CHAPTER V.
THE LEVINGERS VISIT ROSHAM.

Seldom did Henry Graves spend a more miserable night than on this occasion of his return to Rosham. He had expected to find his father’s affairs in evil case, but the reality was worse than anything that he had imagined. The family was absolutely ruined—thanks to his poor brother’s wickedness, for no other word was strong enough to describe his conduct—and now it seemed that the remedy suggested for this state of things was that he should marry the daughter of their principal creditor. That was why he had been forced to leave the Navy and dragged home from the other side of the world. Henry laughed as he thought of it, for the situation had a comical side. Both in stories and in real life it is common enough for the heroine of the piece to be driven into these dilemmas, in order to save the honour or credit of her family; but it is unusual to hear of such a choice being thrust upon a man, perhaps because, when they chance to meet with them, men keep these adventures to themselves.

Henry tried to recall the appearance of the young lady; and after a while a vision of her came back to him. He remembered a pale-faced, silent girl, with an elegant figure, large grey eyes, dark lashes, and absolutely flaxen hair, who sat in the corner of the room and watched everybody and everything almost without speaking, but who, through her silence, or perhaps on account of it, had given him a curious impression of intensity.

This was the woman whom his family expected him to marry, and, as his sister seemed to suggest, who, directly or indirectly, had intimated a willingness to marry him! Ellen said, indeed, that she was “half in love” with him, which was absurd. How could Miss Levinger be to any degree whatsoever in love with a person whom she knew so slightly? If there were truth in the tale at all, it seemed more probable that she was consumed by a strange desire to become Lady Graves at some future time; or perhaps her father was a victim to the desire and she a tool in his hands. Although personally he had met him little, Henry remembered some odds and ends of information about Mr. Levinger now, and as he lay unable to sleep he set himself to piece them together.

In substance this is what they amounted to: many years ago Mr. Levinger had appeared in the neighbourhood; he was then a man of about thirty, very handsome and courteous in his manners, and, it was rumoured, of good birth. It was said that he had been in the Army and seen much service; but whether this were true or no, obviously he did not lack experience of the world. He settled himself at Bradmouth, lodging in the house of one Johnson, a smack owner; and, being the best of company and an excellent sportsman, gradually, by the help of Sir Reginald Graves, who seemed to take an interest in him and employed him to manage the Rosham estates, he built up a business as a land agent, out of which he supported himself—for, to all appearance, he had no other means of subsistence.

One great gift Mr. Levinger possessed—that of attracting the notice and even the affection of women—and, in one way and another, this proved to be the foundation of his fortunes. At length, to the secret sorrow of sundry ladies of his acquaintance, he put a stop to his social advancement by contracting a glaring mésalliance, taking to wife a good-looking but homely girl, Emma Johnson, the only child of his landlord the smack owner. Thereupon local society, in which he had been popular so long as he remained single, shut its doors upon him, nor did the ladies with whom he had been in such favour so much as call upon Mrs.
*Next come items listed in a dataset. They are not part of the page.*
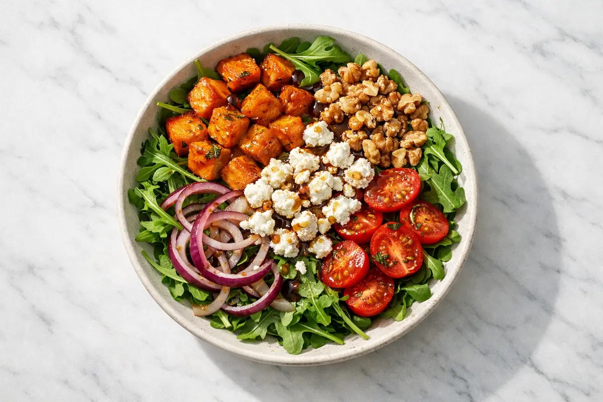 Lauwwarme salade met geroosterde zoete aardappel, romige geitenkaas, knapperige walnoten en een simpele balsamico-honing dressing – ideaal als voedzame lunch of lichte avondmaaltijd.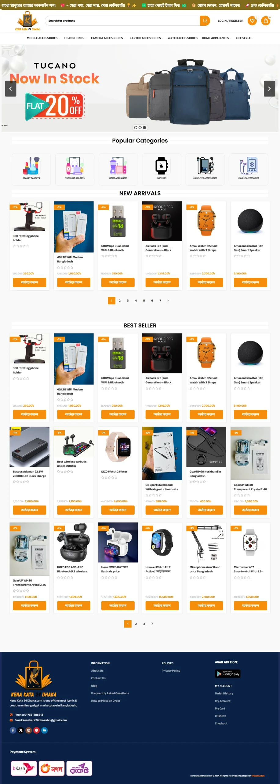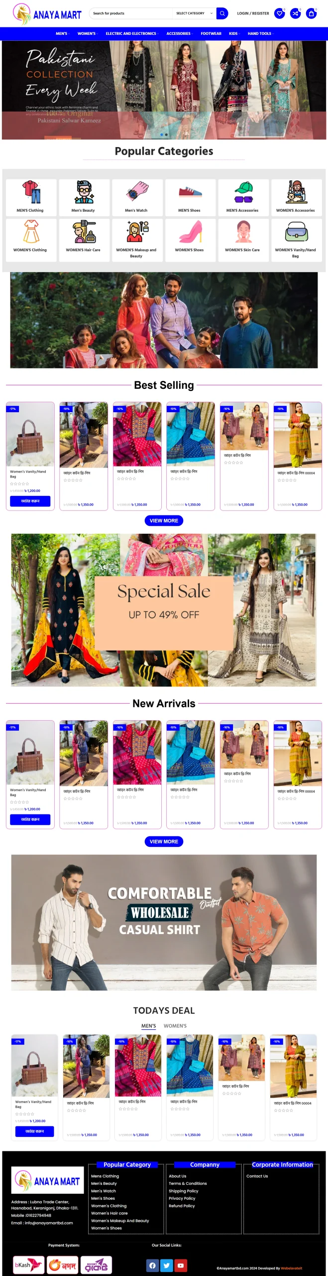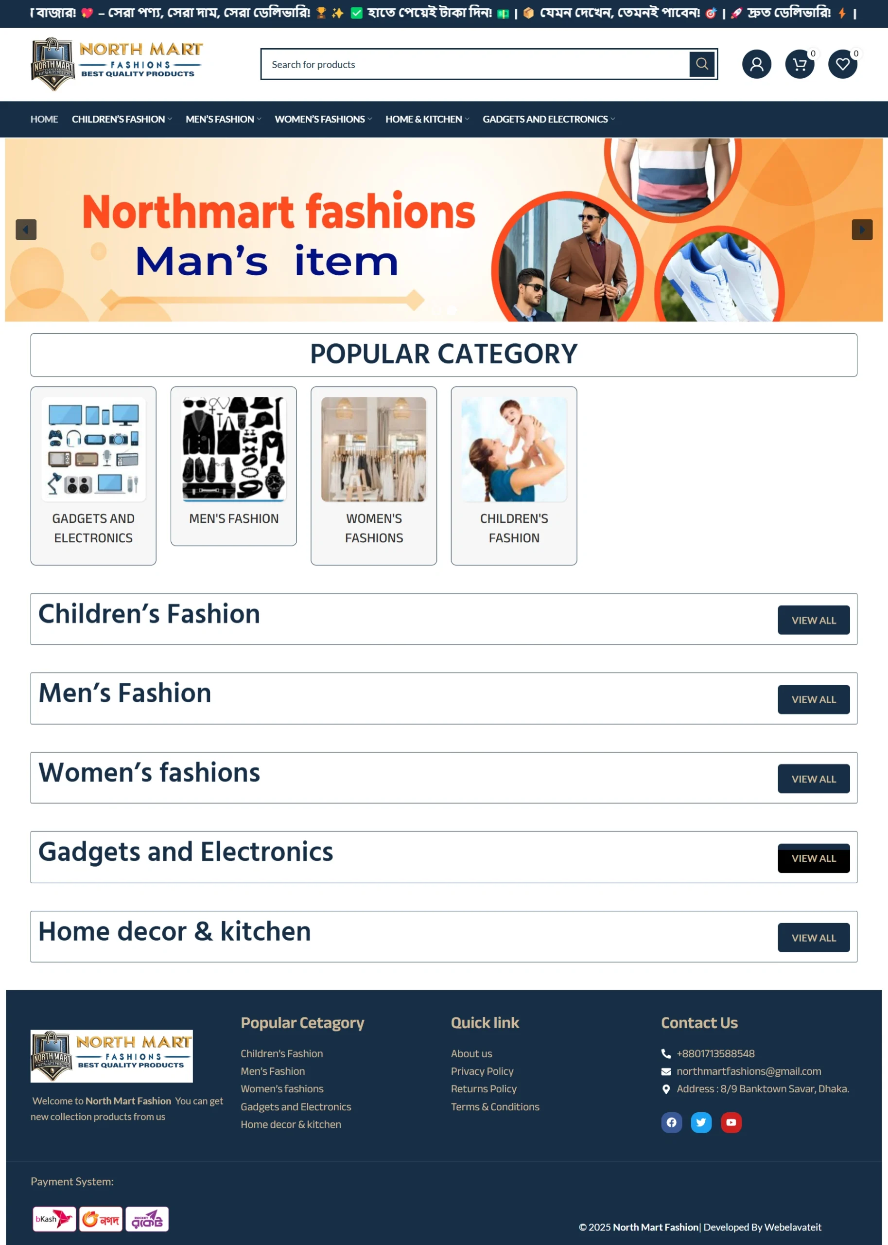 - Homepage with featured products, banners, categories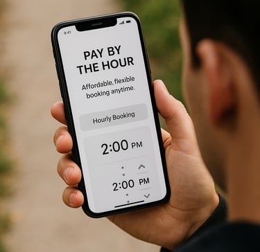 Pay by the Hour: Affordable, flexible booking anytime.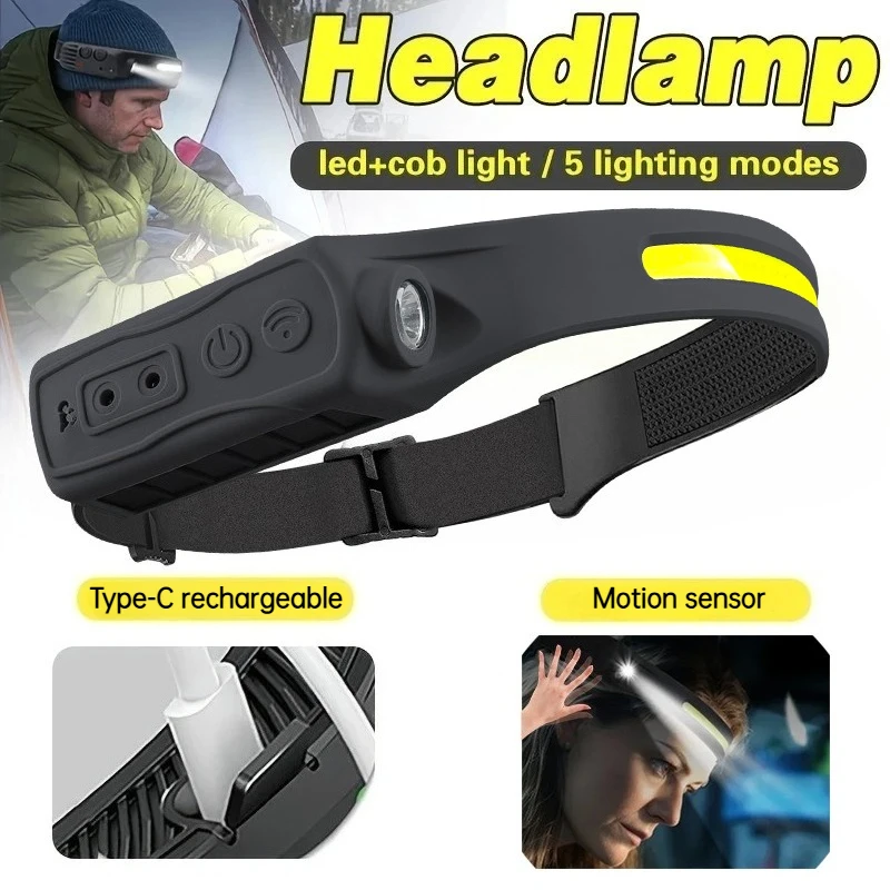 Mini wiederaufladbare leistungsstarke Sensor Scheinwerfer Angeln Camping USB Kopf Taschenlampe COB LED Kopf Licht Taschenlampe Scheinwerfer Front Laterne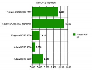 This time the Ripjaws XMP profile performed on par with the Kingston DDR3 1600 and the Adata DDR3 2200 memory, but the tightened timings benchmarks blew everything out of the water here. Now lets look at a real world benchmark.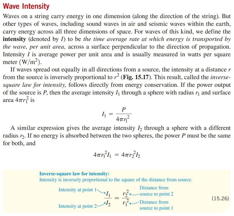Jag skulle ha använt bokens modell, men tänkt ljudet spridas i en halvsfär (det brukar vara stor skillnad på ljudet framför respektive bakom en högtalare). Men oavsett om man tänker sig en halvsfär eller en helsfär så så blir ju intensiteten avtagande med kvadraten på avståndet.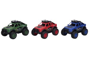 Auto terénní na setrvačník. Přesné rozměry auta 13x8,5x8 cm. Display box - 9 ks. 3 varianty - červená, modrá, zelená.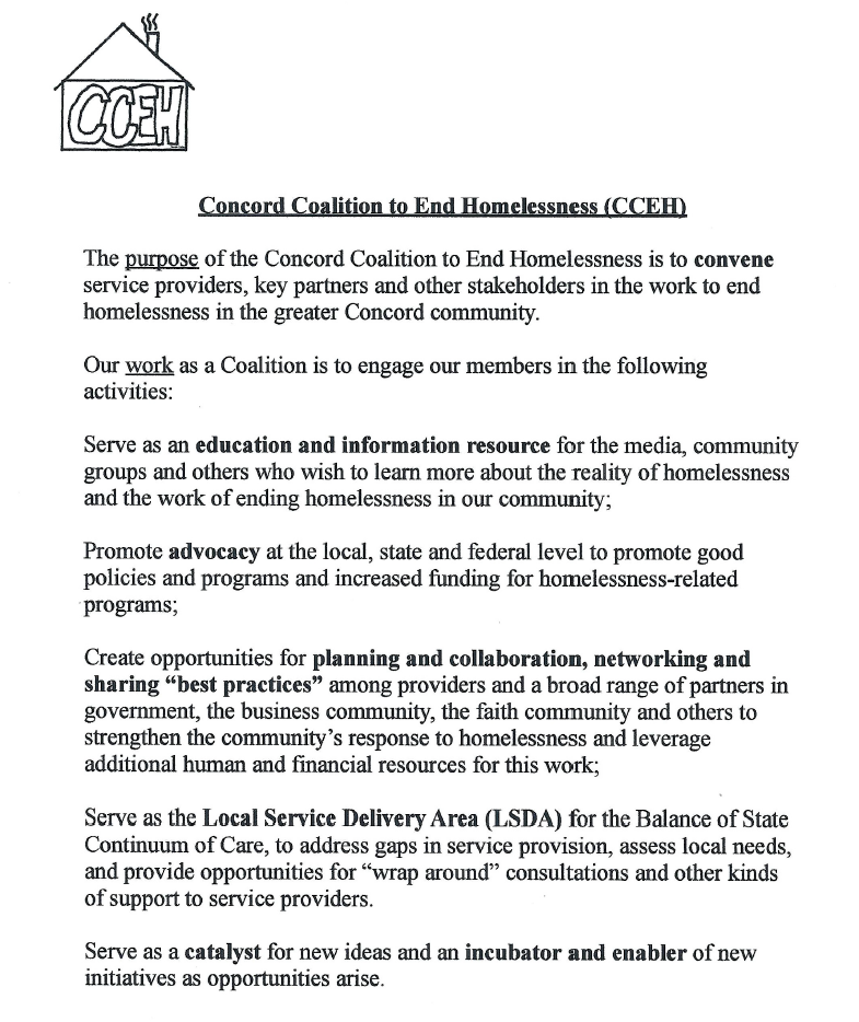 In the spring of 2008, a group of service providers and faith-based organizations came together with the goal of coordinating their efforts to provide needed services, share information and expertise, and to seek funding opportunities to end homelessness in Concord. From this, CCEH was born in June of 2008, and received 501(c)3 status in August the same year.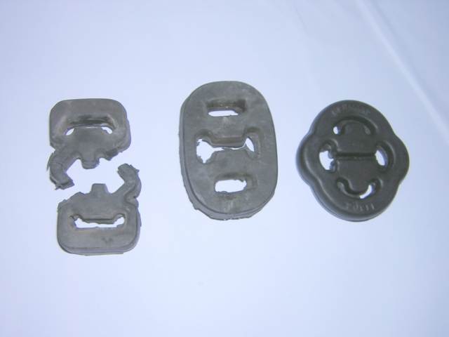 Takhle to vypadá - vlevo ten přetržený je ten co drží zadní tlumič a taky prostřední tlumič zboku. Uprostřed je ten, který drží potrubí mezi tlumiči. Tyhle mi prodali před 2 lety přímo v autodílech Fiat. Dneska jsem kupoval jiné, v obecných autodílech, prodali mi to co vidíte vpravo a tím to nahradím. Cena 30,- / ks.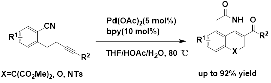 1. “Palladium(II)-Catalyzed Tandem Cyclization of 2-(Alk-2’-ynyloxy)benzonitriles or 2-(Alk-2’-ynylamino)- benzonitriles: A Facile Way to 2H-Chromene and 1,2-Dihydroquinoline Derivatives.”

Levinger.

When old Johnson the smack owner died, a few months after the marriage, and it became known that he had left a sum variously reported at from fifty to a hundred thousand pounds behind him, every farthing of which his daughter and her husband inherited, society began to understand, however, that there had been method in Mr. Levinger’s madness.

Owing, in all probability, to the carelessness of the lawyer, the terms of Johnson’s will were somewhat peculiar. All the said Johnson’s property, real and personal, was strictly settled under this will upon his daughter Emma for life, then upon her husband, George Levinger, for life, with remainder “to the issue of the body of the said George Levinger lawfully begotten.”

The effect of such a will would be that, should Mrs. Levinger die childless, her husband’s children by a second marriage would inherit her father’s property, though, should she survive her husband, apparently she would enjoy a right of appointment of the fund, even though she had no children by him. As a matter of fact, however, these issues had not arisen, since Mrs. Levinger predeceased her husband, leaving one child, who was named Emma after her.

As for Mr. Levinger himself, his energy seemed to have evaporated with his, pecuniarily speaking, successful marriage. At any rate, so soon as his father-in-law died, abandoning the land agency business, he retired to a comfortable red brick house situated on the sea shore in a very lonely position some four miles south of Bradmouth, and known as Monk’s Lodge, which had come to him as part of his wife’s inheritance. Here he lived in complete retirement; for now that the county people had dropped him he seemed to have no friends. Nor did he try to make any, but was content to occupy himself in the management of a large farm, and in the more studious pursuits of reading and archæology.